The members of the central leadership opposed to Mr. Chornovil accused him of authoritarian rule of the party and said he has been doing nothing to make Rukh a serious political force around which other parties could unite.

"All the decisions taken by the party leader are undemocratic and against the party," said Mr. Kostenko. He added that Mr. Chornovil even removed party secretary Bohdan Boiko from party management recently, despite his appointment by the central leadership.

Mr. Chornovil countered that the accusations against him are not factual but emotional, and that the decision of the central leadership has no legal validity. "They accuse me of authoritarian rule? But we have the most democratic party statutes and a loose party structure," Mr. Chornovil said at press conference on February 22.

He said the decisions taken by the central leadership have to be signed by the party leader to become legitimate. He did not receive them and stated that he was not likely to sign the kind of decisions that oust him from party management.

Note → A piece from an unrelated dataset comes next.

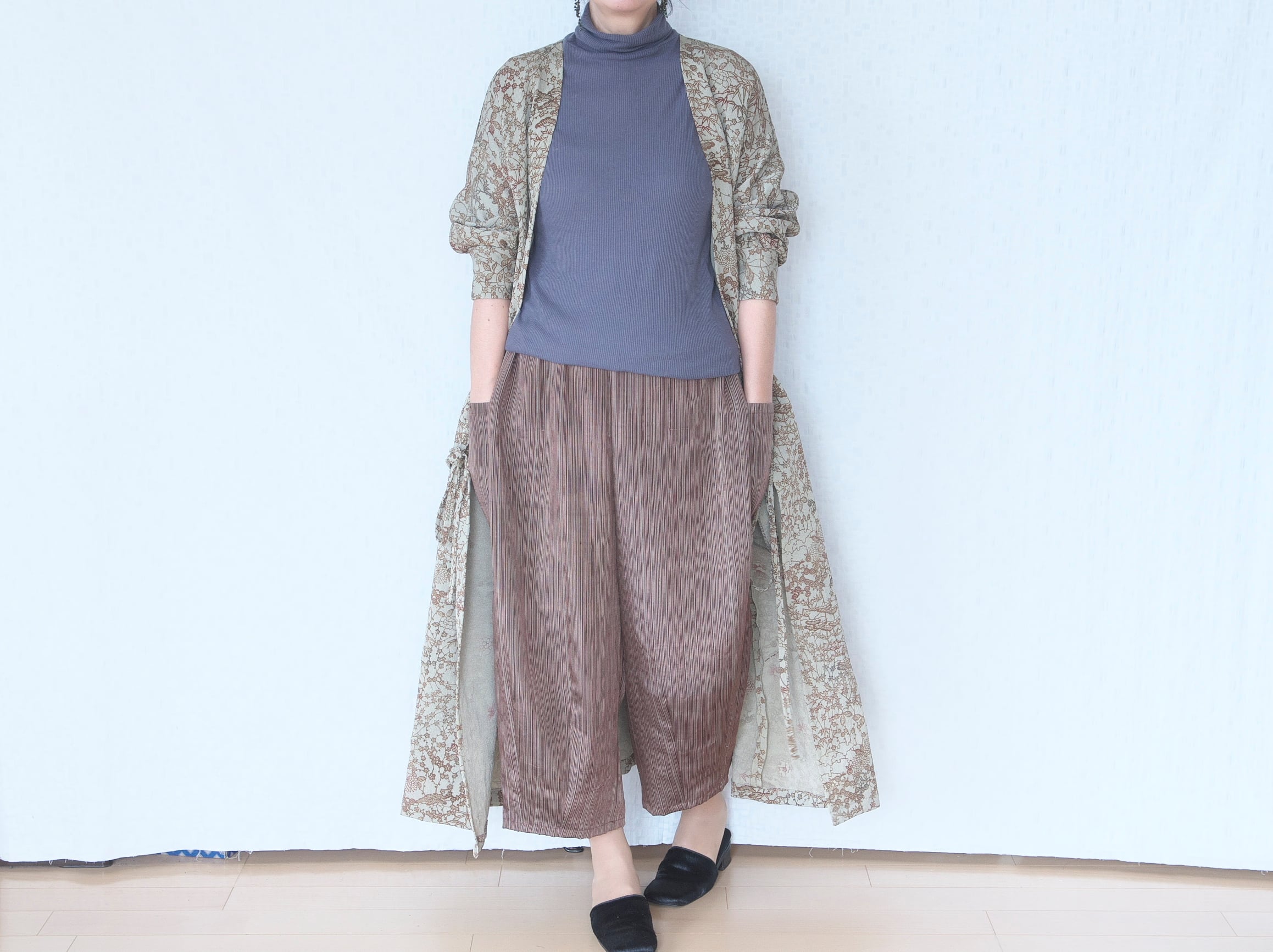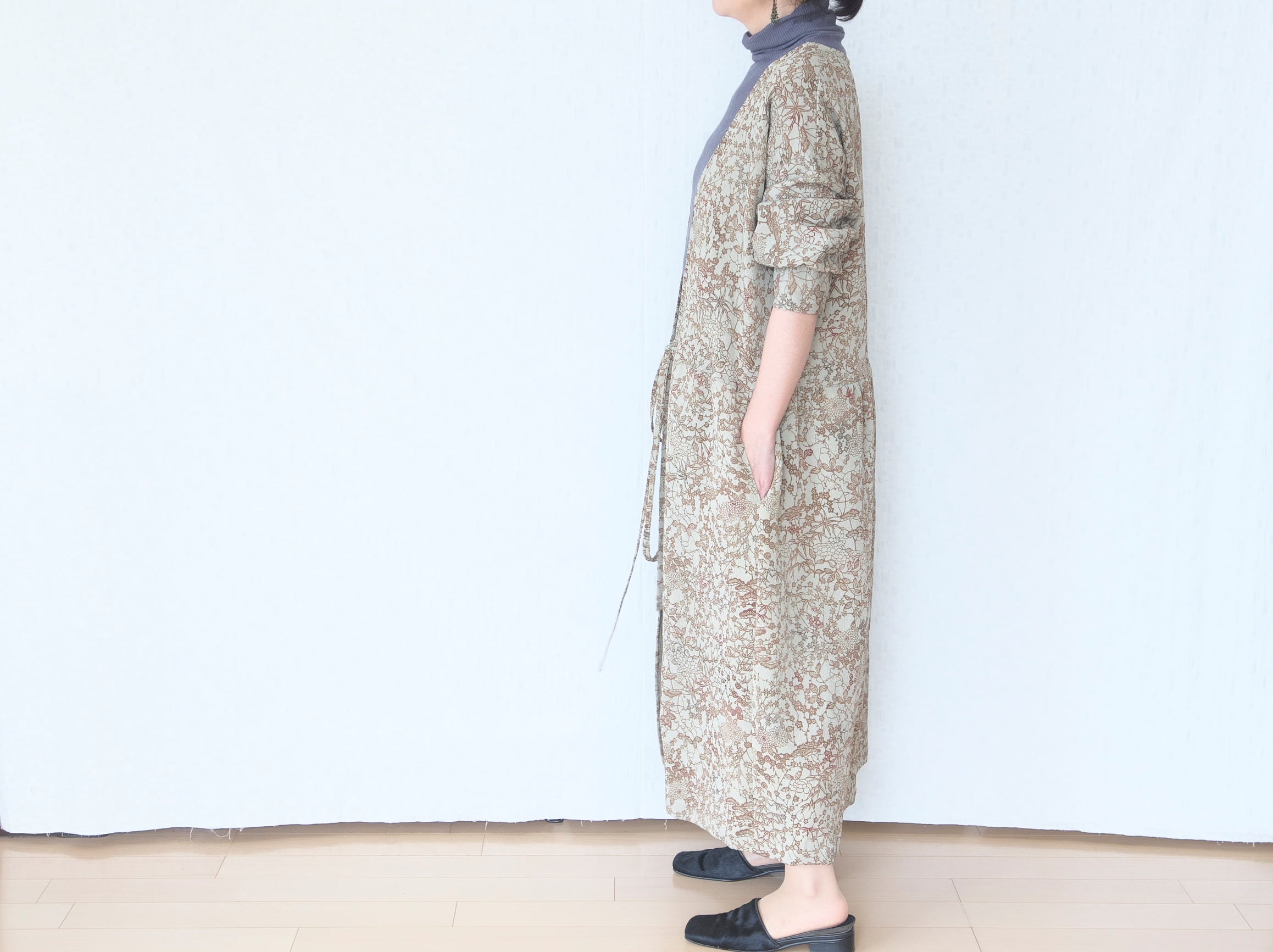 交差させず前で結べばゆったりラインのオーバーワンピ。
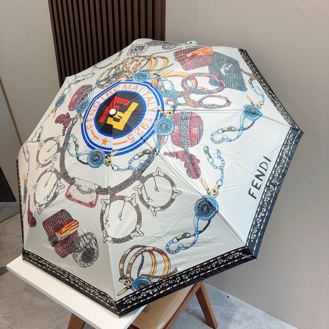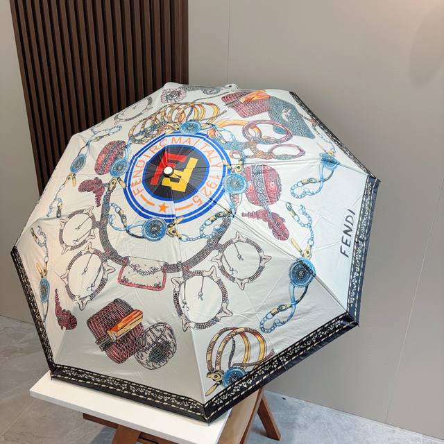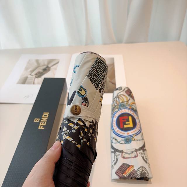 / Fendi 芬迪 三折自动折叠晴雨伞 年度最新火爆单品 原单代工级品质 第一代210T碰击布防嗮拒水技术 阻隔99%直射伞面的紫外线 杜绝夏季晒伤 清爽出行 选

He also claimed that the central leadership can only make binding decisions if two-thirds of its 55 members are present, while only 30 were present at the February 20 meeting. Mr. Chornovil also said the extraordinary congress of the party planned for February 28 will be illegitimate and the delegates will be invalid because few people in the regions support the opposition. The real congress, he said, will take place on March 7.

"They [opponents of Mr. Chornovil] are simply trying to undermine the party's position before the election and split up the party," said Mr. Chornovil.

The opposition disagreed. "What is happening today is not a split, it's an attempt to get over a split," said Volodymyr Cherniak, a Rukh deputy and a member of the central leadership.

Both sides said they were going to invite the opponents to their congresses, but that the invitations might not be accepted. Mr. Chornovil said the opposition group consists of three types of people: those who have never shared the party ideology, but just happened to get into the party list and top management structure; those who pursue their business interests regardless of the party interests; and those who are upset with him for not getting a top position in the party.

Many party members believed Mr. Kostenko, who was elected the new leader of Rukh's parliamentary faction, had the best chances among Rukh members to be nominated as a presidential candidate. However, his candidacy was dropped in favor of Hennadii Udovenko, a non-Rukh member who was president of the General Assembly of the United Nations and is a former foreign affairs minister of Ukraine.

Mr. Kostenko said, however, that the opposition group is ready to continue campaigning for Mr. Udovenko, and even invited him to discuss strategy on February 20. Mr. Udovenko chose not to attend.

Mr. Chornovil accused his opposition of accepting money from the president's allies and possibly Yevhen Marchuk, also a potential presidential candidate, to get rid of him. Mr. Chornovil also claims that one of Rukh's members, Oleh Ischenko, said he is ready to take $1 million of his own money to remove Mr. Chornovil as head of the party. Mr. Ischenko ran for Parliament as head of the management of OLBank and once headed a Ukrainian-Russian oil corporation.

Mr. Chornovil also claims that a lot of money to support his ouster came from the Cabinet of Ministers. "One of the vice prime ministers said that once Mr. Chornovil is not in the faction, he [the vice prime minister] will run on the Rukh Party list in the next election," said Mr. Chornovil. He added that this person recently paid $40,000 every month to top Rukh opposition members.

Analysts say that these sorts of insults and emotional accusations are a sure sign that the party will split. "When people start using insulting arguments, there are few chances that the split can be avoided," said Mykola Tomenko, director of the Institute of Politics.